At 11:04 PM -0500 3/20/02, Robert Dewar wrote:
> >YOu can state such a rule, but you have not provided a convincing argument
> >that it is a desirable rule in my opinion.

Alan Lehotsky writes:
> How about the fact that *many* organizations have development processes
> that require that the product builds must compile without any warnings
> or errors?

I would agree with Alan if the rule were stated in a somewhat weaker way:
if there is a warning that is included in -Wall, for any program that
produces a warning, it should be possible to modify the program to
eliminate the warning without making the program significantly worse in
performance or size.  An example of a warning that doesn't meet that
criterion are the "effective C++" warnings that insist that some classes
have a virtual destructor when this is unnecessary, which adds unnecessary
time and space overhead to programs.

Also, there are differences between language-lawyer portability and
practical portability.

In the case of C/C++, a given program may make assumptions beyond the
scope of the standard because the given properties are true for all
target platforms of interest.  Typical assumptions I've often seen is
that the target machine fits into one of a limited number of categories,
e.g.
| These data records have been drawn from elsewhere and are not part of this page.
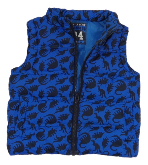 Cobaltově modrá prošívaná šusťáková zateplená vesta s dinosaury Rebel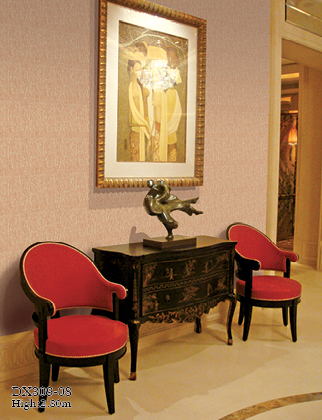 2、织物墙布,又称艺术墙布。是用棉、麻等植物纤维或与化学纤维混合织成,拉力较好,颜色典雅文静,天然感强,透气性好。但是外表简单起毛,又不能擦拭,宜安置在接待室或书房等安静祥 和的当地。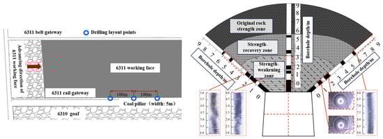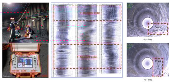 The borehole locations are arranged in front of the working face, with three typical cross-sections selected. The distance between each cross-section is approximately 100 m, depending on the specific conditions. The on-site borehole drilling depth is 8~12 m for the roof and 5~8 m for the sidewalls. The roof boreholes are drilled perpendicular to the roof or at a 45° angle, while the sidewall boreholes are horizontal or set at a 5° downward angle. Figure 4 shows the layout of the roadway borehole peeping scheme and the roof borehole peeping conditions.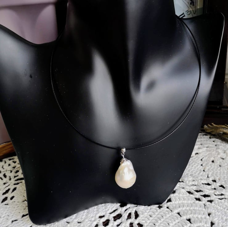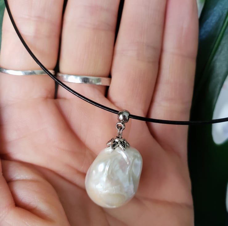 This is minimalistic Baroque Pearl pendant necklace/choker. It is made of black hypoallergenic steel cord and decorated with a large high quality natural baroque pearl.

ILP32 (ints, longs, and pointers are 32 bits) or LP64 (longs and
pointers are 64 bits).  If these are the only two categories of interest,
it is safe for the programmer to assume that "long" and "pointer" are the
same size, even though ISO C doesn't make such a promise.  If this
programmer can't get the compiler to shut up, he or she will be extremely
annoyed at the compiler provider.  And code that does a cast that may
lose value may, in fact, be inside an #ifdef that assures that the
cast is completely valid.

In an ideal world, the user would be able to explicitly inform the
compiler about what assumptions of this type that s/he is making.
(In cases like the above, assertions might do the job).